▶ _TASK INSTRUCTIONS_:
Once you find the line below that has "(¬2) فيتز جيرالد،", output it and every line after it exactly, stopping after the line that has "STARTEV. | ||", with no pictures.

▶ _INFORMATION_:
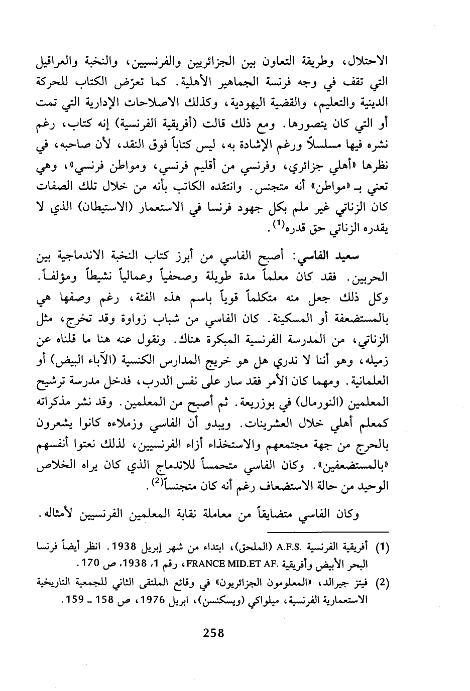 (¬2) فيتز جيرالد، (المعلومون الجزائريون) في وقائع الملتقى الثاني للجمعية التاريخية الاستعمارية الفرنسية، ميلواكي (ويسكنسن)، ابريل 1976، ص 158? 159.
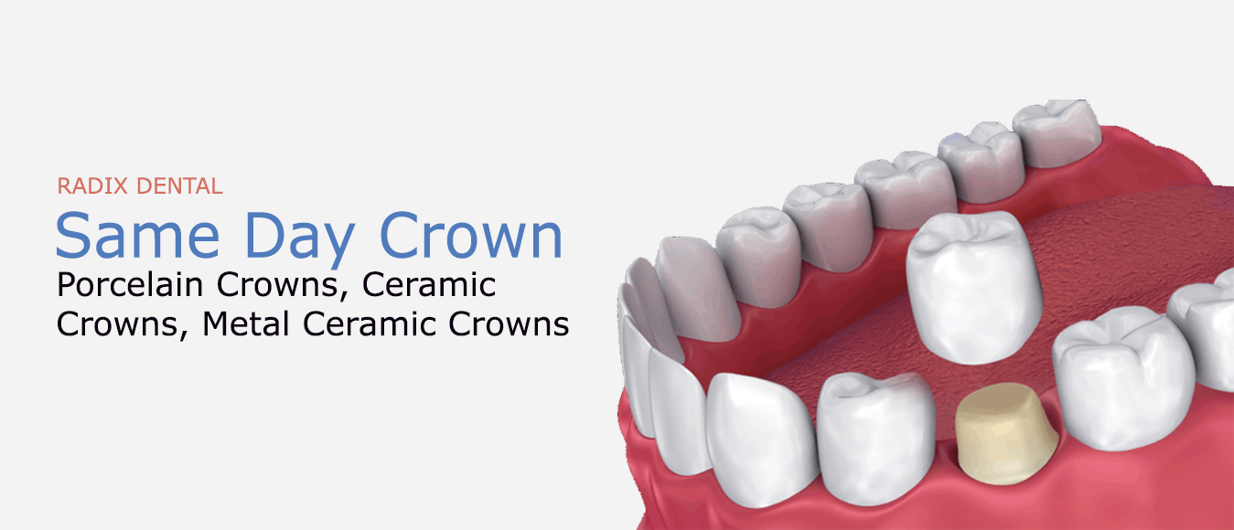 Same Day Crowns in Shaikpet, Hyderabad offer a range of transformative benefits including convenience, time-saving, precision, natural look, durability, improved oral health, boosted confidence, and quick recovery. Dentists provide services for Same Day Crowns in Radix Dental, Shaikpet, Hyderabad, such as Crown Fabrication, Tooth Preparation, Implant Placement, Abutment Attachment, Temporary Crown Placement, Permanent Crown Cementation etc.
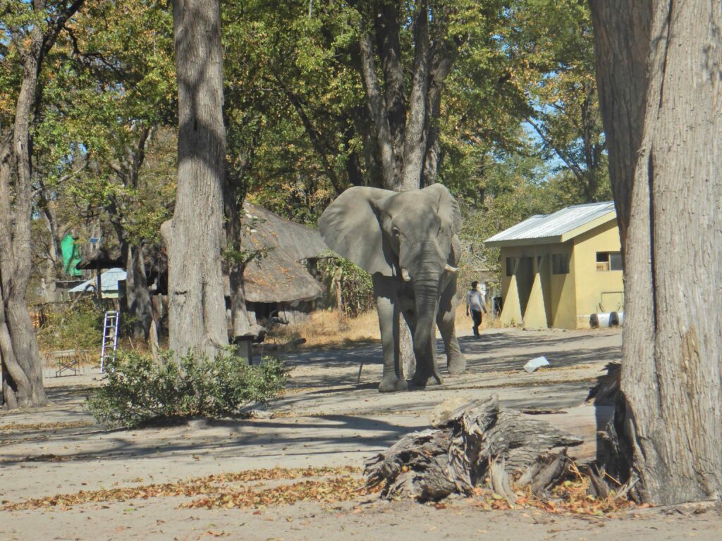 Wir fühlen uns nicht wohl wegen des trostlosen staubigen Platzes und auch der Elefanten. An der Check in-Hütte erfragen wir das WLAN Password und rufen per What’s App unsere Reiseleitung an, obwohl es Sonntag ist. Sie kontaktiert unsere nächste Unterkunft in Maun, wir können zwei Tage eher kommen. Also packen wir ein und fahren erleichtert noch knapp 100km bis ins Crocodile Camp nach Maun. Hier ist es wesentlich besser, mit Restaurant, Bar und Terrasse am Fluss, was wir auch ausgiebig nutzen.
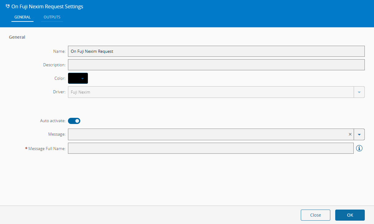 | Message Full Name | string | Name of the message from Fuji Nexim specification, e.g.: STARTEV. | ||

==

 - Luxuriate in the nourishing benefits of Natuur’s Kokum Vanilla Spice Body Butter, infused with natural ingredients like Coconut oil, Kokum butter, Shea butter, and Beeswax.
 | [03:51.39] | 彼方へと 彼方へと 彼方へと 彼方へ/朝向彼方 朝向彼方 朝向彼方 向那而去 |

...

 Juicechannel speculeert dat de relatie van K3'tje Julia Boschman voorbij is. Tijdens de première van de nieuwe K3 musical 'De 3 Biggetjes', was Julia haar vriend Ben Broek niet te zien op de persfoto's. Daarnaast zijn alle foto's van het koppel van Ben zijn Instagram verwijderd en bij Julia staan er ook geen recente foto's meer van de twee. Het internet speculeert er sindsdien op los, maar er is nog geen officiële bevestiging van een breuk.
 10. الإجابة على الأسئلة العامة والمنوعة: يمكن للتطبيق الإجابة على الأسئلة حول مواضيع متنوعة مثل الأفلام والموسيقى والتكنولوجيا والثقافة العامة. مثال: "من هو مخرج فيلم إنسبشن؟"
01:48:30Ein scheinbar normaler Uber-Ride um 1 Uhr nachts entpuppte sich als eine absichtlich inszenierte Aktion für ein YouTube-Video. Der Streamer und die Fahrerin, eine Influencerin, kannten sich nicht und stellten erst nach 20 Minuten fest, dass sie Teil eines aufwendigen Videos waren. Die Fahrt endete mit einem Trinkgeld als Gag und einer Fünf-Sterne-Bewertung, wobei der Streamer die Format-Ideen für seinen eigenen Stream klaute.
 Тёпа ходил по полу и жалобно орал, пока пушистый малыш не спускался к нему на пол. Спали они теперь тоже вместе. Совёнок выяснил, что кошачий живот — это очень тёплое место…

▶ _SOLUTION TO THE PROBLEM_:
 (¬2) فيتز جيرالد، (المعلومون الجزائريون) في وقائع الملتقى الثاني للجمعية التاريخية الاستعمارية الفرنسية، ميلواكي (ويسكنسن)، ابريل 1976، ص 158? 159.
 Same Day Crowns in Shaikpet, Hyderabad offer a range of transformative benefits including convenience, time-saving, precision, natural look, durability, improved oral health, boosted confidence, and quick recovery. Dentists provide services for Same Day Crowns in Radix Dental, Shaikpet, Hyderabad, such as Crown Fabrication, Tooth Preparation, Implant Placement, Abutment Attachment, Temporary Crown Placement, Permanent Crown Cementation etc.
 Wir fühlen uns nicht wohl wegen des trostlosen staubigen Platzes und auch der Elefanten. An der Check in-Hütte erfragen wir das WLAN Password und rufen per What’s App unsere Reiseleitung an, obwohl es Sonntag ist. Sie kontaktiert unsere nächste Unterkunft in Maun, wir können zwei Tage eher kommen. Also packen wir ein und fahren erleichtert noch knapp 100km bis ins Crocodile Camp nach Maun. Hier ist es wesentlich besser, mit Restaurant, Bar und Terrasse am Fluss, was wir auch ausgiebig nutzen.
 | Message Full Name | string | Name of the message from Fuji Nexim specification, e.g.: STARTEV. | ||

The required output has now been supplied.